Interesting.
My own view is based on three assumptions ─ That a world exists external to me, that my senses are capable of informing of that world, and that reason is a valid tool. (They have to be assumptions since none of them can be demonstrated to be correct without first assuming it is indeed correct ─ an idea of Descartes, though his examples differ from mine.)
Nice. Pretty solid assumptions. Do you count yourself as a rationalist?
This more clearly distinguishes the world external to the self, and the role of the senses, than it seems to me Mr Hick does.
I also wonder how Mr Hick defines "real" and "reality". "Real" for me means having objective existence, found in nature, the world external to the self. Is he a mathematical Platonist who thinks 1, 2, 3, pi, e, i, have objective existence, are independent of human thought?
Hick was following in the British analytic tradition. So, no. He did not have any particular Platonic leanings. Nor do his ideas necessarily depend on a permanent or transcendent reality "beyond this one."
It should be pointed out that Hick did not think mystical experiences were "evidence of God"... He didn't think we could go around saying "God exists, because I experienced him."
In fact, it's best to forget the concept of God entirely when first approaching Hick's arguments concerning mysticism. Hick thought that
mystical experience is a rational basis for religious belief. This is subtly different from "mystical experiences are evidence of God (or some other religious phenomenon)." The former is less ambitious. Hick wasn't claiming evidence for anything.
Think of Thoreau, who spent two years in the woods. He developed an almost religious view of the natural objects around him.
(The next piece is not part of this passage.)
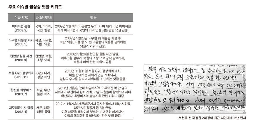 문서는 김기식, 진선미, 홍종학, 이학영, 김상희, 남인순, 최민희, 송호창, 김용익 당시 의원(이상 민주통합당)과 박원석(통합진보당), 김제남(정의당) 당시 의원 등 11명의 실명을 거론하면서 “시민단체 출신의 원내 진출 확대에 따라 국회에 제공되는 정부 자료에 기반한 폭로형 운동이 강화될 것이다. 제주해군기지, 한·미 FTA, 4대강, 원전 정책에 대한 반대 움직임이 거세질 것”이라고 전망했다. 다음은 국정원의 댓글이다. MB 청와대와 국정원이 한 몸처럼 움직인 정황이 포착된다.
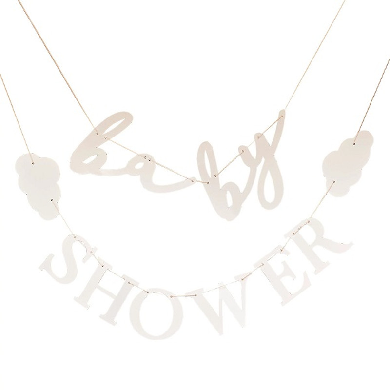 Description Dress up your baby shower in modest style with this Ginger Ray Eco Baby Shower Banner! This paper banner features Baby Shower with cloud accents. Measures 5ft. Additional Details SKU: PT_0100011074981

"I experienced sometimes that the most sweet and tender, the most innocent and encouraging society may be found in any natural object... [A]fter I came to the woods, for an hour I doubted whether the near neighborhood of man was not essential to a serene and healthy life. To be alone was somewhat unpleasant. But in the midst of a gentle rain, while these thoughts prevailed, I was suddenly sensible of such sweet and beneficent society in Nature, in the very pattering of the drops, and in every sight and sound around my house, an infinite and unaccountable friendliness all at once, like an atmosphere, sustaining me, as made the fancied advantages of human neighborhood insignificant, and I have never thought of them since. Every little pine-needle expanded and swelled with sympathy and befriended me. I was so distinctly made aware of the presence of something kindred to me, that I thought no place could ever be strange to me again." --Thoreau.
Thoreau, I would argue, is having a
mystical experience of Walden Pond. His mystical account doesn't contradict a scientific account. All he sees are rocks, trees, and raindrops. An observer trained in science, using the scientific method would perceive the same phenomena. What makes Thoreau's observations religious is how he
interprets those phenomena.
"Hick’s pluralistic hypothesis is based on the notion that the world is religiously ambiguous, such that it can be experienced either religiously or non-religiously, with no compelling proofs for or against any one religious or nonreligious interpretation of the world."
Hick, John | Internet Encyclopedia of Philosophy
And we can get into what Hick's pluralistic hypothesis is if ya want. The point is, interpreting the world in a nonreligious way is just one way of understanding reality. Interpreting the world in a religious way does not add any axioms to your three. Nor does it contradict any of your axioms. So, does that mean you find such an interpretation reasonable?
Hick does. I'm not sure he's correct, but he makes a good argument.